Dave Matthews posted:
ST posted:

Hi Dave Matthews,

Please check out these tips about

Microphone Feedback

ST

Thanks ST. I had gain staged each mic up to just getting into yellow, however I had done this after choosing the correct mic type. I see in the T4/8s example that the gain stage trim was done first, then the correct mic was chosen. Does this make any difference at all? The T1 video does mic choice first.

 

Cheers,

Dave

It doesn't make a difference. The channel trims come before any other processing in the signal chain.

ST

OK, I guess I'll have to try again.

The L1 is maybe 7' behind me, and I get feedback before feeling like we can hear ourselves.

Would gain staging without hitting any yellow help?

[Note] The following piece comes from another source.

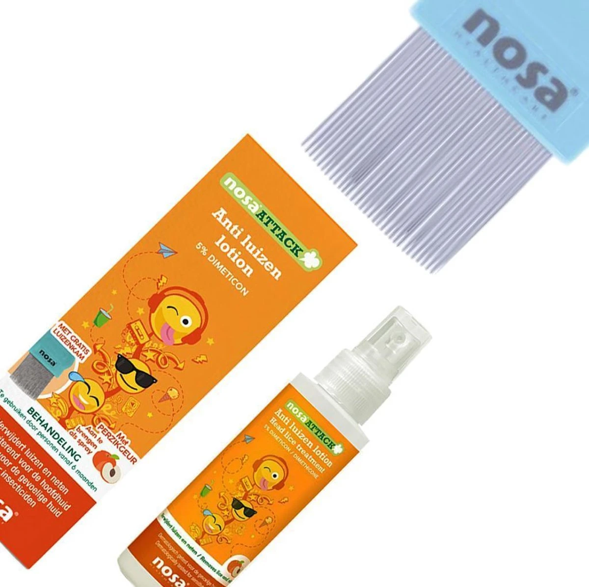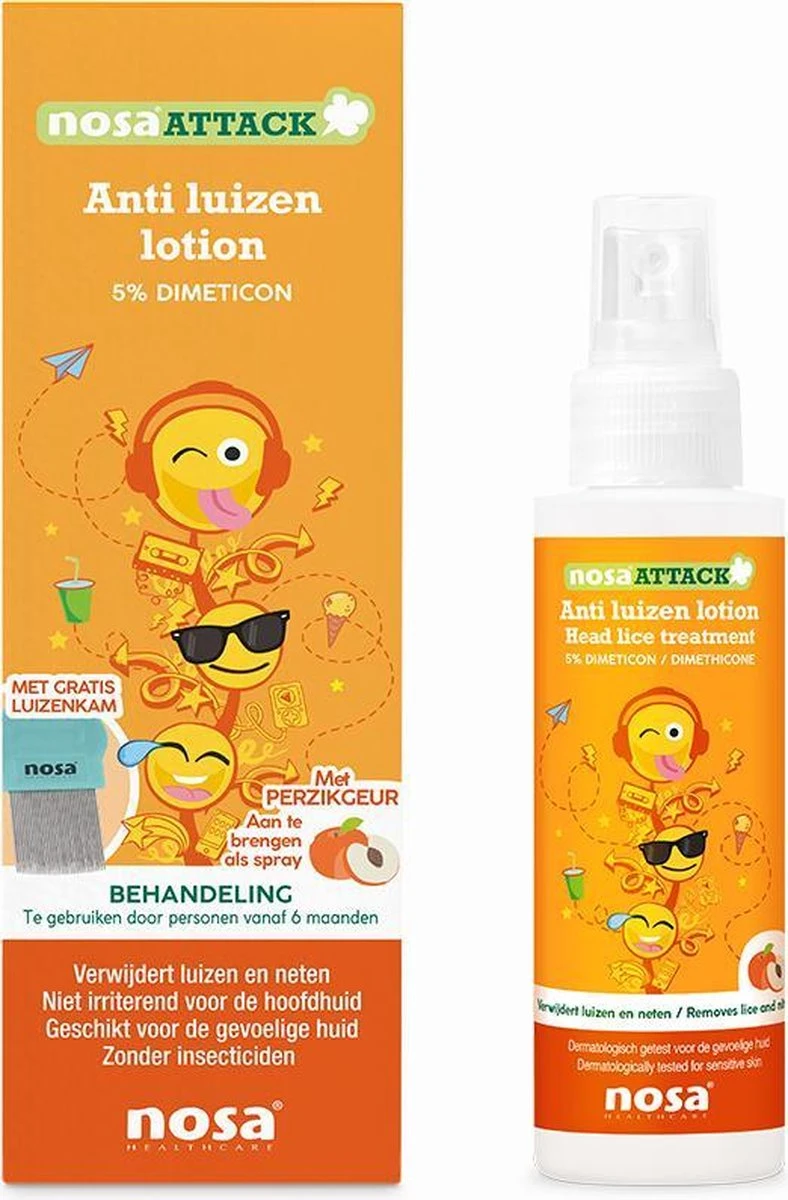 De lotion bestaat uit een unieke combinatie van siliconen en hoge concentratie dimeticon, die een filmlaag vormt die de dood van de luizen en neten veroorzaakt. Bovendien maakt NosaAttack dimeticon lotion het haar zacht en glad, waardoor luizen en neten moeiteloos kunnen worden verwijderd met de luizenkam. Het haar blijft gehydrateerd en de lotion is niet irriterend voor de hoofdhuid. Doordat de lotion aangebracht wordt als spray, is het product maximaal te benutten; het is eenvoudig in gebruik en zeer precies aan te brengen. Ideaal voor zowel kort als lang haar

I'm guessing I'd just have to increase the main vol and end up in the same situation.

I'd say that the setting the L1 only 7 feet behind you with a louder band is not enough.  I suspect to get the volume you need with even a reasonably loud rock band you would have to set it at least 15-20 feet behind to avoid excessive feedback.

You are stuck between the rock and hard place of the sound pressure level you need and the inverse square rule that limits how quickly it dissipates before reaching the microphones.

For example, at a gig a few years back I had to cover 350 people in a large hall, we had to physically move large pieces of the stage from the side to add to the front of the stage to put the lead singer/acoustic guitar on his own platform in order to get the 12 feet plus distance I needed to fill that hall without the lead vocal feeding back.

Have you tried putting the Bose next to the band?

I know folks often get hung up in symmetry.  When positioning a band on a stage the tendency is to spread everyone out so that they fill the stage width with the mass centered.  Your issue is that your stage is 24' wide but ONLY 10' deep.  I suspect that there's no way you're going to be able to get the Bose back far enough on your stage to avoid feedback.  If I were you, I'd try my suggestions:

1) First try the Bose completely stage left (or right) in line with the drummer's ears (or slightly forward of them) so he/she can hear the band and then place the other three of you closer together near the opposite side of the stage.  The side wash from Bose L1 systems is amazing.

2) If still getting feedback, you may have to provide a separate monitor for the drummer if you must keep the drums behind you and move the Bose forward so it's in line with the front line of microphones. 

3) Or you could start a new trend and put all four of you in a line with the Bose next to you on one side or the other.  Gene Krupa and Buddy Rich used to sit in the FRONT of the band! 

Note: the apparent asymmetry can be visually attenuated by putting a sound transparent curtain in front of the Bose location that would cut the audience's sight lines down to just the band.